TML: Among studies utilizing TML, the peak accuracy reached was 96.77%, achieved by Luo et al. [28] (2019) through their HSRC approach. SVM was the most prevalent algorithm, utilized in 17 studies. Zhang et al. [42] (2020) reported the highest SVM-based accuracy (96.6%) by integrating structural and functional features. However, TML performance varied significantly, with some SVM models reporting accuracies as low as 55.0% [31, 46], highlighting a high sensitivity to feature selection and preprocessing.
DL: DL techniques, particularly CNNs, pushed accuracy thresholds further. The highest overall accuracy in this review (98.06%) was achieved using a specialized MCN-ELM [25].
In head-to-head evaluations, the choice of algorithm often dictated performance. Sanchis-Segura et al. [34] (2022) compared five algorithms [linear discriminant analysis (LDA), LR, MARS, RF, and SVM] in a sex- and age-matched cohort (n = 876), finding that SVM outperformed the others with an accuracy of 90.0% when using uncorrected GM volume.
However, the assumption that DL always outperforms TML was challenged by Ebel et al. [9] (2023). In their study using the Study of Health in Pomerania (SHIP) dataset, LR (95.78%) outperformed a CNN [9]. This was attributed to the use of z-score normalization on GM voxels, suggesting that rigorous feature engineering in TML can occasionally match or exceed the automated feature extraction of DL models. This dichotomy underscores that while DL generally offers higher ceilings, TML remains highly effective when paired with optimized preprocessing.
Given that brain maturation and aging involve distinct neurobiological processes, this review assessed how ML accuracy varies across the lifespan.
Children and adolescents (under 23 years): Eight studies focused on younger populations [17, 18, 30, 32, 35, 37, 38, 46]. The highest accuracy reported was 97.3% in a large-scale study of approximately 11,000 children (aged 9–12 years) from the Adolescent Brain Cognitive Development (ABCD) study [17]. This suggests that sex-specific neuroanatomical patterns are already highly distinguishable by late childhood.
Young adults (20–37 years): This demographic was the most frequently studied, with 17 investigations primarily utilizing the HCP dataset [9, 16, 19, 21, 22, 24, 25, 28, 29, 33, 34, 36, 40, 41, 43, 45, 46]. The review’s peak accuracy of 98.06% was achieved within this group using a DL architecture, suggesting that the early adult brain may represent the “pinnacle” of sexual dimorphism in neuroimaging features [25].
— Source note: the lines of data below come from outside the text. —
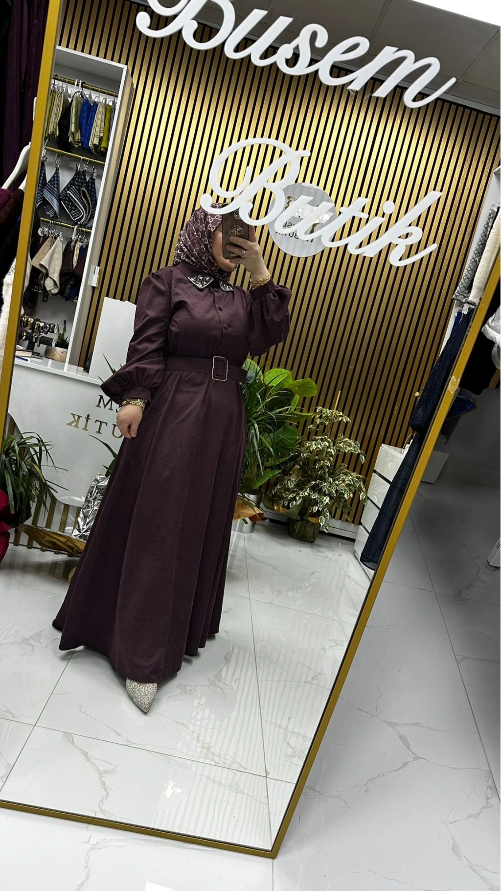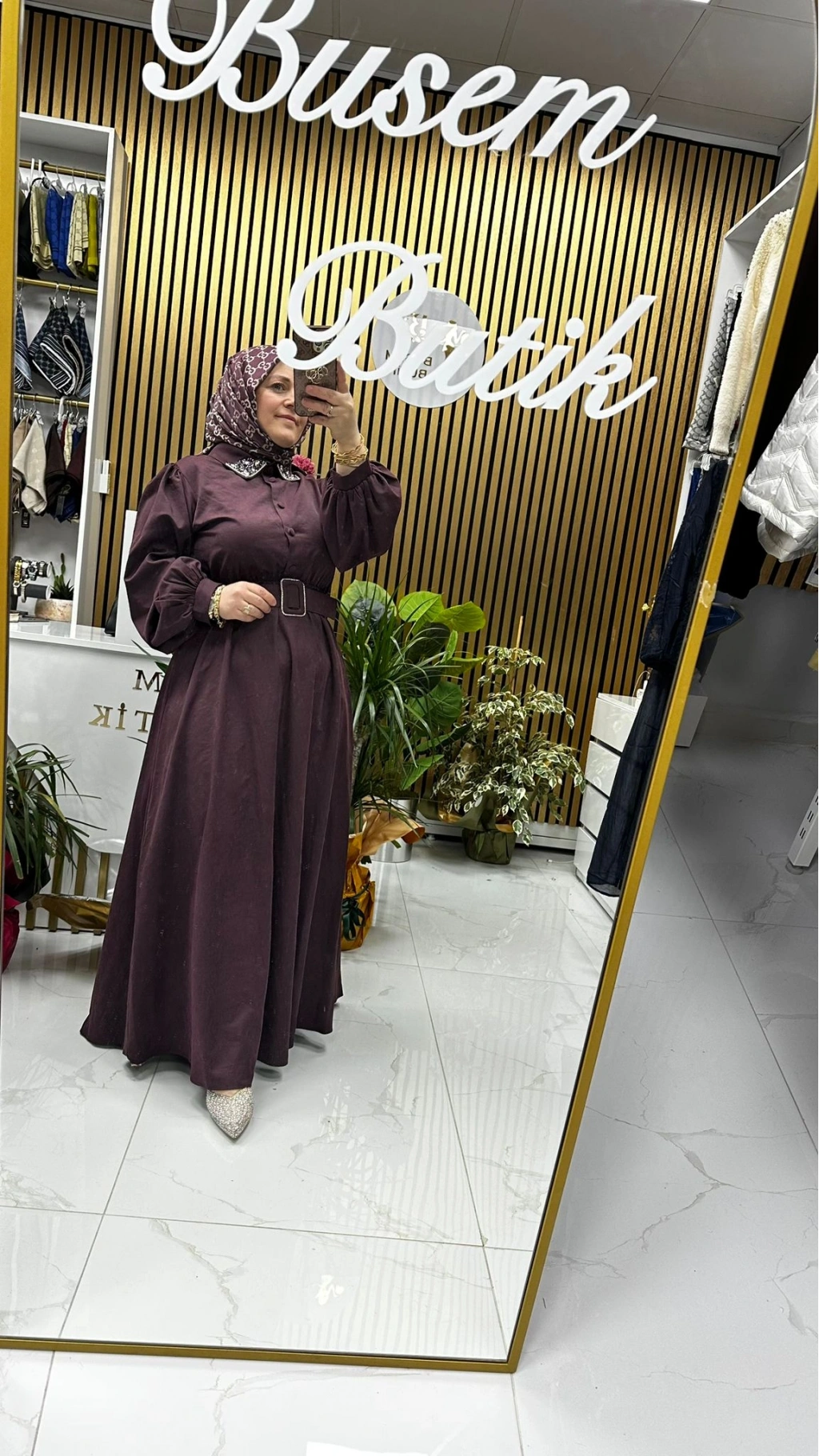 Mürdüm Elegan Luxe Kemer Detaylı Elbise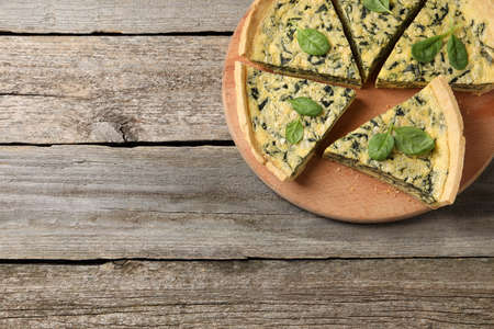 Cut delicious spinach pie on wooden table, top view. Space for text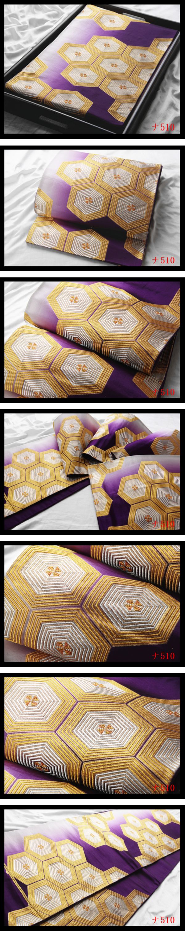 【ナ510】西陣美品 振袖可 亀甲紋 葡萄色地 気品豊かに 正絹純金糸六通高級美術袋帯 検★着物名古屋帯和装小物帯締め 收藏

Lifespan and older adults (14–90 years): Six studies examined broader age ranges to capture aging effects [9, 21, 26, 41, 42, 47]. The highest accuracy in these heterogeneous samples was 95.78%, achieved through the SHIP cohort [9]. The slightly lower ceiling in lifespan studies compared to young adult cohorts may reflect the increased inter-individual variability and cortical atrophy associated with aging, which can obscure sex-specific features.
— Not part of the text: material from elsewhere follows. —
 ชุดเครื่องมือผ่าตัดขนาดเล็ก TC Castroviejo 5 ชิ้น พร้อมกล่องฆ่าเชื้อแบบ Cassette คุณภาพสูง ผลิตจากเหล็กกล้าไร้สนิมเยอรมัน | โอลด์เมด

To reach further stratification power, the included studies were characterized by developmental stage and morphometric constraints. A clear performance gradient emerged when stratifying by age: studies focusing on the adolescent stratum (9–12 years) and young adult stratum (20–35 years) reported the highest mean accuracies (97.3% and 98.06%, respectively). In contrast, studies spanning the full adult lifespan (14–90 years) showed increased variance and a slightly lower performance ceiling (95.78%), likely due to age-related cortical atrophy. Furthermore, when characterizing groups by TIV, studies that did not stratify for head size reported consistently higher accuracies. This suggests that the “power” of sex classification is significantly mediated by the homogeneity of the age and size strata being analyzed.
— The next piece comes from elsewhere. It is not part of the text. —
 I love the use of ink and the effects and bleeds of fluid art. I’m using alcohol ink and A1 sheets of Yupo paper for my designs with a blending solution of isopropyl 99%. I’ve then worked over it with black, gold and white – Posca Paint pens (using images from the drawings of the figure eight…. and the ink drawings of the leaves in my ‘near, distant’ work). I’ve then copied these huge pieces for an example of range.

This systematic review demonstrates that while ML can classify biological sex from neuroimaging data with high precision, these results require a fundamental shift in interpretation. By synthesizing evidence across diverse age groups and imaging modalities, we find that while human brains can be categorized with up to 98.06% accuracy, these results are heavily influenced by model architecture, feature selection, and, crucially, methodological rigor. While high accuracies are often used to reinforce the existence of sex-related neuroanatomical patterns [28, 29], they must be interrogated to determine if they represent biologically meaningful dimorphism or merely enable statistical separation via proxies.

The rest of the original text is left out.